Clarion, Clarion Housing, Complaints Procedures, Damp and mould, Health and Safety, Housing Law, Service Cuts, Tenant & Resident Democracy

A New Housing Inspectorate?



Members of the Clarion branch of SHAC are working with Siobhain McDonagh MP and Kwajo Tweneboa to explore the possibility of a new Housing Inspectorate. The discussion will launch at the group’s next meeting at 6pm on Monday 21st February.

The Old Regime

The housing inspection regime resided with the Housing Corporation until around 2011, and was briefly moved to the Audit Commission before being abolished by Grant Shapps who was Local Government Minister at the time.
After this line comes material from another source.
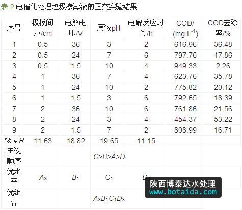 分析表 2發(fā)現(xiàn),原液pH對降解效果的影響最顯著,其次是電解電壓;各因素對電催化反應(yīng)的影響順序?yàn)椋涸簆H>電解電壓>極板間距>電催化氧化時(shí)間。

The reason given for the abolition was that government was “slashing red tape and putting councillors and communities in control of their local areas”. The slashing of ‘red tape’ simply meant that landlords subject to the inspection regime became less accountable. Community control of local housing has never been achieved.

Some believe that had the Housing Inspectorate been in place, tragedies such as the Grenfell fire which cost at least 77 lives, and the squalid conditions highlighted by ITV News Stories may have been avoided.

Higlighting Squalid Conditions

Campaigners experiencing squalid housing conditions, impenetrable barriers when they try to complain, out of control service charging, and other forms of landlord abuse believe that a new Housing Inspectorate could help end the neglect, exploitation and mistreatment of tenants.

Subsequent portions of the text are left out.